Задний двор продуктового магазина покрыт плиткой. По углам краснеют холодильники Coca-Cola. У магазинной стены собрался черный сугроб. Двое мужчин в рабочей форме ждут у входа. Мэр открывает багажник. Мужчины сносят туда коробки с продуктами — рисом, гречкой, паштетом, сосисками, лимонами, чаем, кофе. Каждый раз машина приседает под тяжестью новой коробки.
— Столько будет подогрева, — говорит Ирина, глядя, как заполняется багажник, — что ни один «Беркут» не возьмет. Нас не надо организовывать, мы сами можем сорганизоваться, и никакие политики нам для этого не нужны. Кстати, посмотрите на упаковки, — обращается ко мне. — Это все польские продукты. В Польше они стоят в три раза дешевле. И это — еще одна причина, по которой мы хотим в Евросоюз.
Груженая машина останавливается напротив еще одного мемориала, обнесенного цепями.

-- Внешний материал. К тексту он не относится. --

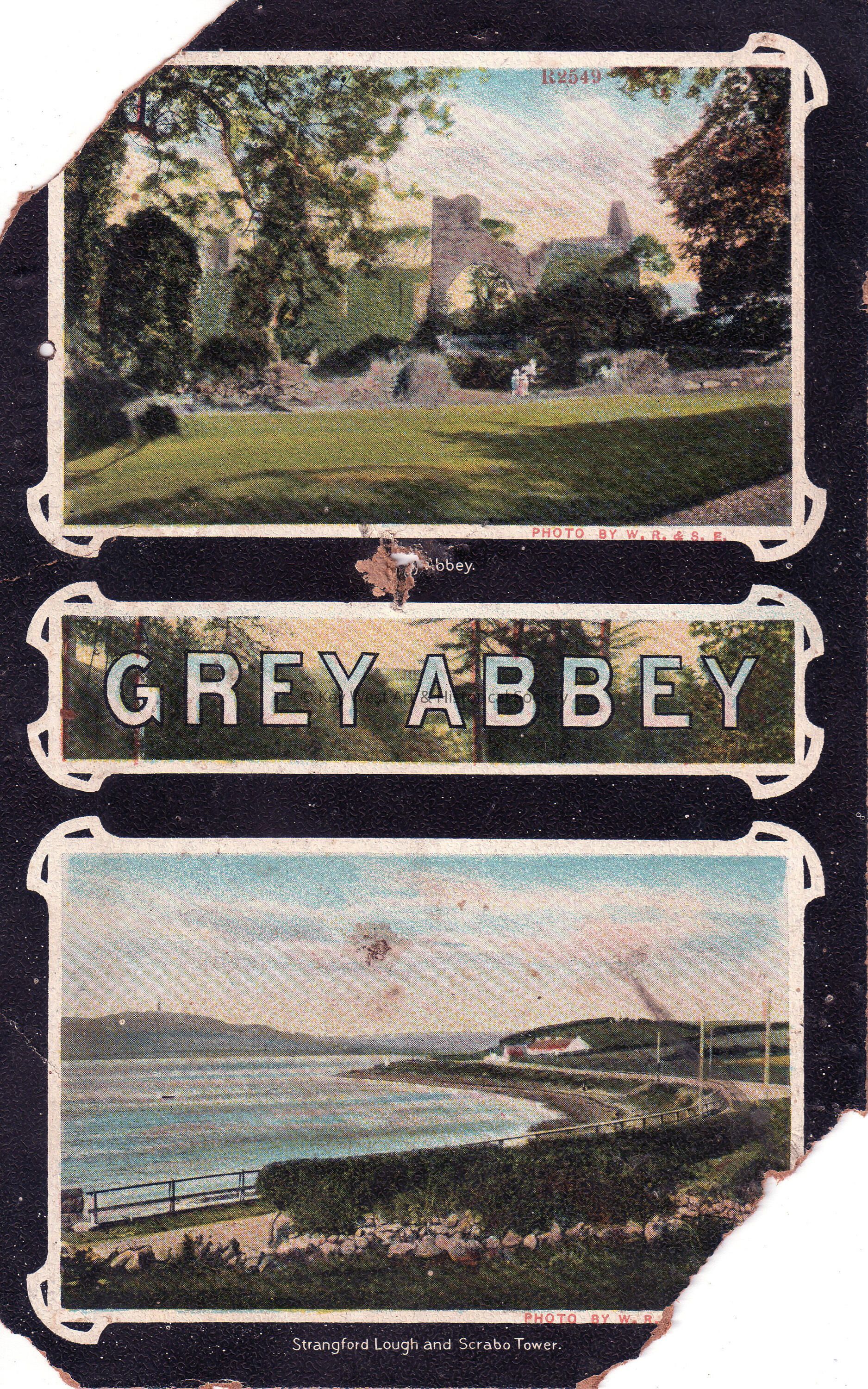 Postcard depicting ruins near the shore. The caption reads, ‘Grey Abbey. Strangford Lough and Scrabo Tower.’Collection

Ирина подходит к высокому надгробью и поднимает со снега сдутый ветром венок. Возвращает его на место.
— А это могилы французских воинов, — говорит она. — В Раве Русской же находится бывший концлагерь. Очень большой. Шталаг‑352. Туда свозили французских и бельгийских военнопленных. Это про Шталаг Черчилль сказал: «лагерь медленной смерти и двух капель воды». Сейчас в живых остались только двое из бывших узников. Приезжали недавно, землю целовали. Они чего только не рассказывали, но я не могла это слушать. Их живыми сбрасывали во рвы и засыпали известью. Они их там просто убивали! — кричит она. — А наши равские трохи носили им покушать…
Наша следующая остановка — библиотека. Здесь свободный доступ к Wi-Fi bibliomist, предоставленный по одной из программ Евросоюза. За столами перед компьютерами в ряд сидят старшеклассники.